Муром плакал, кашлял в платок, контуженный болью и страстью – скорее болью, чем страстью.
Страсть отступает всегда, когда повреждается тело, ее проводник. Всегда. Потому что страсть – это все-таки к телу. Такая, помним, се ля ви.
Илья жалел, что все окончилось именно так.
Жалел себя. Что у него нет больше Даньки... Жалел Даньку – лишь потому, что его с ним, Муромом, больше не будет. Не будет сказочного переплетения душ, красоты позвоночника, гарема данькиных вздохов, ни просто Даньки, снующего рядом.

Данила гнобил Марину приказами: помочь ему чем-то. Пожалеть. Проявить милосердие... Дать успокоение. Пожалуйста.
Пожалуйста.
Снова. Снова.

– Мне больно… Мама. Мама! КОНЧИ МЕНЯ. Я прошу тебя. мама! По.Мо. Ги.


За три недели он извел и издергал Марину в куски, вытряс душу – до ее собственного крика. До истерики.
Данькина бабушка, Анна Львовна, приходившая помогать, плакала в угол платка, наблюдая эти сцены.
Дан катался на постели, задрав глазницы в потолок, молотил ступнями по изножию кровати.

– Мама! найди врача... Который… Сделает мне эвтана… Мама, ты можешь. Мама, найди врача. Найди врача! Найди враааааааа……. Чччч.
Боль продавила Даньку вдоль сердца, вонзила в аорту изогнутый коготь, встряхнула, откинула волосы – вздрогом, поперхнула схваткой мускулы.
Он конвульсивно передернулся на подушке.

– Ма… ма!!!

Выплеснуло – волной – вон, из.
Душа взмыла – на короткие крохи свободы – свободы, свободы!.. – свободы от боли, свободы от тюрьмы земли, называемой телом. Сознание неслось и взмывало над-, оставляя тело внизу – ох, я некрасив!… я… это я? – Я! – безрукий, поврежденное лицо, смешно и жалко, разве это я? Это странно... – Данька глядел вниз – он видел, как мама трогала грудь, его шею, ища пульс, – милая мама, зачем, мне хорошо, на несколько мгновений хорошо; не возвращай меня обратно...

– Безбожие, – шептала бабушка. – Безбожие.



Марина не стерпела.
Прорыдав ночь, она попросила дежурную медсестру показать, как колоть в вену: "Буду делать Дане уколы сама..." Та показала.
Подложный рецепт стоил ей……... Он стоил холода бесстрашия и какой-то отслойки души: цена вообще любого подлога.
Дигоксин нашелся в аптеке на Уктусе. Препарат для стимуляции сердца, передоз которого – моментальная смерть.
Марина шла, и ноги несли ее тело, полое как колба, под грудью было странно легко – она несла в сумке покой для сына.

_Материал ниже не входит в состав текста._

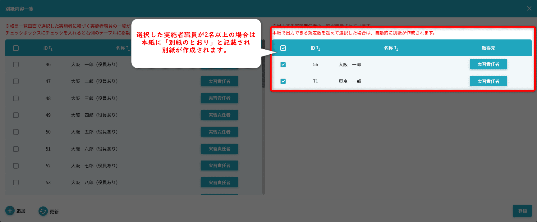 実習生の負担費用を2つ以上入力(帳票画面)

Данька спал, выключенный морфием.
Марина вымыла руки и растерла их спиртом. Надрезала штрих-лезвием горлышко ампулы, отколола и втянула содержимое в шприц. И выпустила тончайшую нить жидкости из иглы.
Капелька была похожа на капельку солнца. Розово-нежную. Она дрожала и тлела, блестя как утренние слезы. Почти как тогда…

Тогда.
В тот день, продернутый кисеей полуденного солнца, когда такие же капельки путались в Даниных волосах – в русом пухе, всклокоченном на полуторагодовалой макушке, – тогда, на даче, когда он возился на лужайке поверх измятого одеяла – и она его случайно обрызгала.
Он ревел и мурзал по лицу пальцами-червячками, и Марина обнимала его – целуя зефир прозрачных дышаших ключиц, перья волосков на голове.
"Ну, все, все, все, мама нечаянно! прости… Посмотри, я тебе яблочко принесла".

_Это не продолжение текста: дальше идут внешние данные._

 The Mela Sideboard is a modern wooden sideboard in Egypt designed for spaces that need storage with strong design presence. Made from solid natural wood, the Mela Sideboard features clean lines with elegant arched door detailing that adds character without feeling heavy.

И вот сейчас, в эти руки – в их остатки – воткнется смерть.
Смерть.
Смерть выглядит розовой капелькой: доступной и нежной.
Простой как счастье. И, как счастье, невозможной.

Ты ведь можешь это сделать. Ты сумеешь помочь.

Но что потом? Как жить – потом... Убив розовыми каплями солнца эти доверчиво тянущиеся руки.
Это тело. Эти чувства. Этот голос.
Каждый день просыпаться и помнить – как ты вводила в вены этот бисер небытия: в вены, которые породила сама.
Каждый.
Кажжжжжд………. Марина прикусила губу, спустила шприц и выплеснула ласковое солнце смерти в умывальник.





Ночью Даня проснулся, и Марине полчаса закладывало уши от воспаленного крика, в котором слова "убей" и "дай наркотик" перемешивались со слезами и руганью.
Она едва дожила до утра и позвонила Золину.
– Максим;  Даньке худо... Он просит сделать ему эвтаназию. У меня НЕТ духу.
– Что?
– Прошу тебя, приди к нему. Поговори с ним.

Золин приехал вечером с "Уралхима".


Данька выглядел страшно.
Обугленное тело, чуть привлекательней, чем мумия – лишь потому, что молод и еще дышал. В целом, разницы не было.
Спаленное лицо и обрубыши рук, хрип из обугленного рта.
– Даник. Это Золин Максим... – сказала Марина. – Мой хороший знакомый. Я рассказывала тебе... Поговори с ним, сынок.

Даня молчал. Очень долго.
Марина вышла, а мальчик молчал, и Золин чувствовал, как тот считывает его по дыханию, что он в и д и т его, проницает его, понимает о нем больше, чем все видящие вокруг.
Наконец Дан сказал:

– Золин… Я не знаю... Тебя. Но я верю… тебе. Мама не… может. Я прошу тебя. Убей меня. Золин...
Максим слушал молча.
– Один укол, – продолжал Данька. – Не знаю… назва-ния. В интер… нете найдешь.


Золина вдруг замутило.
От мокнущего Данькиного голоса. От темы... От корост и обрубышей. От убежденности парня.
Он ненавидел самую возможность смерти, а этот желторотый подсосок зовет смерть и желает ее, и просит о ней, и требует, причем его, Золинскими, руками, – руками, которые никогда не поднимались на человека, не имевшего при себе пистолета.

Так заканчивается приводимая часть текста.